Regular Expression Object

Regex. find(string)

Escanea el string de izquierda a derecha hasta encontrar la primera posición donde la expresion regular produzca match, retornando el correspondiente Match object. Retorna None si no se logra hacer match con el string.

>> pattern = re.compile('.*d.*')
>> pattern.find('dog') # Match at index 0
<REmatch.Match object at 0x7f374c2e2bd0>

Regex. search(string)

Mismo comportamiento de find. Creado para mantener sintaxis con libreria Re.

Regex. match(string)

Si cero o mas caracteres desde la primera posicion del string hacen match con la expresion regular, retorna el correspondiente match object. Retorna None si no se hace match con el inicio del string.

>> pattern = re.compile('!x{.*a...s}.*')
>> pattern.match('abyssal') # Match at index 0
<REmatch.Match object at 0x7fa1080fd7f0>
>> pattern.match('abyssal').group("x")
abyss

Regex. fullmatch(string)

Si la expresion regular es capaz de hacer match con todo el string, retorna el correspondiente match object. Retorna None en caso contrario.

>> pattern = re.compile('.*!x{a...s}.*')
>> pattern.fullmatch('abyssal')
None
>> pattern.fullmatch('abyss')
<REmatch.Match object at 0x7fa1080fd7f0>
>> pattern.fullmatch('abyss).group("x")
abyss

Regex. findall(string)

Escanea el string de iquierda a derecha encontrando todos los substring que produzcan match con la expresion regular. Retorna una lista de match object en el orden en que fueron encontrados. En caso de no producir ningun match retorna una lista vacia.

>> pattern = re.compile('.*!x{teen}.*')
>> matches = pattern.findall('fifteen, sixteen, seventeen,...')
[<REmatch.Match object at 0x7f163ba14b10>, <REmatch.Match object at 0x7f163ba1e150>, <REmatch.Match object at 0x7f163ba2abd0>]
>>
>> for match in matches:
>>     print(match.span('x'), match.group('x'))
(3, 7) teen
(12, 16) teen
(23, 27) teen

Regex. finditer(string)

Mismo comportamiento de findall. Retorna un iterator de match objects en el orden que fueron encontrados. En caso de no producir ningun match retorna un iterador vacio.

>> pattern = re.compile('.*!x{teen}.*')
>> matches = pattern.finditer('fifteen, sixteen, seventeen,...')
<generator object Regex.finditer at 0x7f08c46d3850>
>>
>> for match in matches:
>>     print(match.span('x'), match.group('x'))
(3, 7) teen
(12, 16) teen
(23, 27) teen

Match Objects

Notar que para todas las funcionalidades de los match objects es necesario hacer uso de los capture.

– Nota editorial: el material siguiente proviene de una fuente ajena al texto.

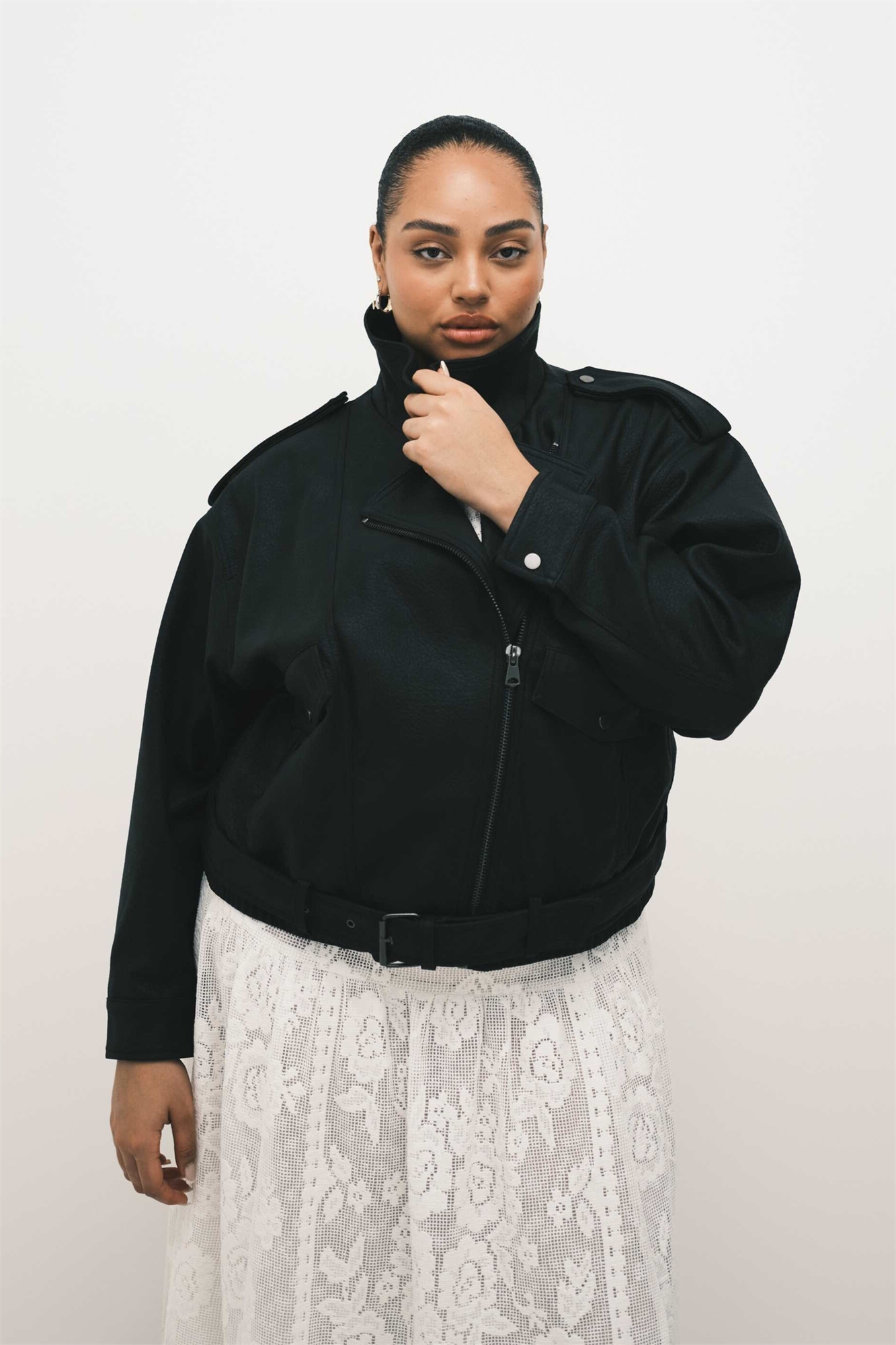 ASOS DESIGN Curve: кожаная куртка-косуха свободного кроя

El capture (especificado previamente en la compilación de la expresion regular) puede ser el nombre en formato de string o el indice (partiendo en 1) en formato de integer. La sintaxis para un capture es !capture_name{regular_expression}.

Match. start(capture) / end(capture)

Retorna el indice del inicio/termino del substring que ha hecho match especificamente con el capture indicado en la expresion regular.

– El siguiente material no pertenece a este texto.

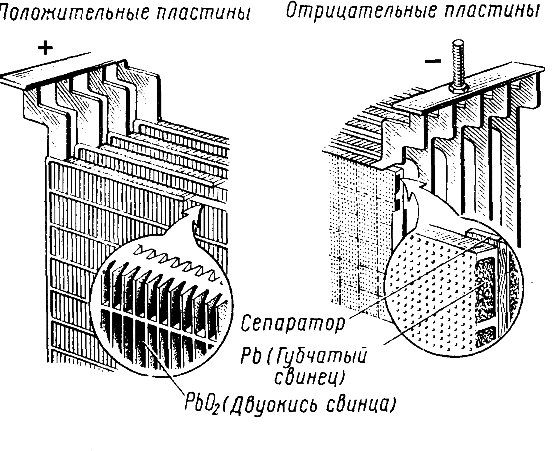 Различают положительные и отрицательные пластины аккумулятора. Положительные пластины соединяются при заряде с плюсовым выводом источника тока, отрицательные — с минусовым выводом. При прохождении тока через пластины и электролит происходят химические процессы, в результате которых изменяется химический состав пластин и электролита. Если после этого замкнуть выводы аккумулятора на внешнюю цепь, то в электролите и пластинах начнутся обратные химические процессы. Химические составы пластин и электролита возвращаются к первоначальному состоянию, но при этом в цепи проходит электрический ток. Процессы заряда и разряда аккумуляторов можно повторять много раз.

>> pattern = re.compile('.*!var{stick}.*')
>> match = pattern.find("fantastick")
>> match.start('var')
5
>> match.end('var')
10

Match. span(capture)

Para un match m retorna la tupla (m.start(capture), m.end(capture)).

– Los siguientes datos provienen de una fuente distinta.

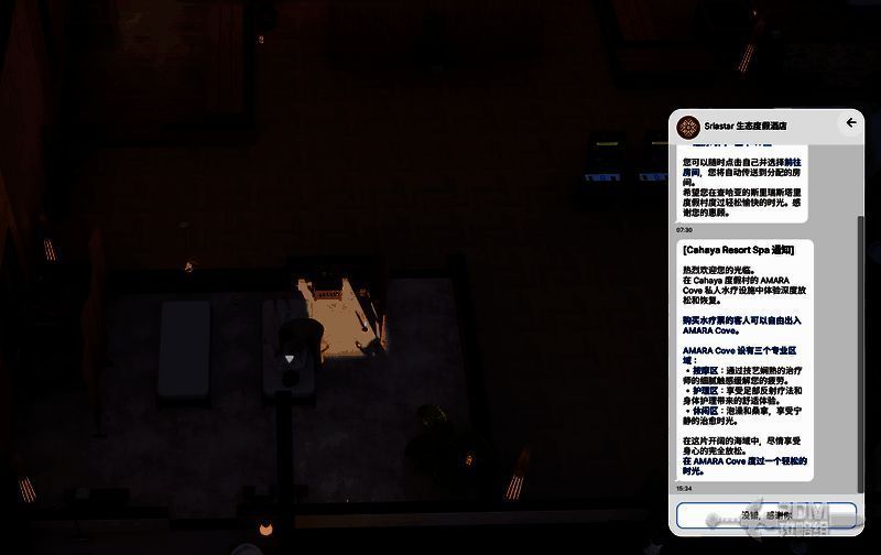 在度假村中想要体验水疗,首先需要获得水疗资格。直接点击水疗床会发现选项都是灰色,此时需先成为“水疗客人”。玩家可在房间前的自助服务机花费300购买一张水疗券,购买后系统会发来确认短信。完成后即可正式使用水疗床等设施,享受完整的度假村水疗服务。

>> pattern = re.compile('.*!var{stick}.*')
>> match = pattern.find("fantastick")
>> match.span('var')
(5, 10)

Match. group(capture)

Retorna el substring asociado al capture. Notar que si la flag save_anchors está activada, estará disponible match.group(0) que retornará el string completo con el cual se ha hecho match.

>> pattern = re.compile('.*!var1{fan}..!var2{stick}.*')
>> match = pattern.find("fantastick")
>> match.group('var1')
fan
>> match.group(1)
fan
>> match.group('var2')
stick
>> match.group(2)
stick

Match. groups(default=None)

Retorna una tupla de strings que contiene todos los grupos del match.

>> pattern = re.compile('.*!var1{fan}..!var2{stick}.*')
>> match = pattern.find("fantastick")
>> match.groups()
('fan', 'stick')

Match. groupdict(default=None)

Retorna un diccionario de todos los grupos en el match. Cada elemento tiene como key el nombre del grupo y value el string correspondiente al grupo.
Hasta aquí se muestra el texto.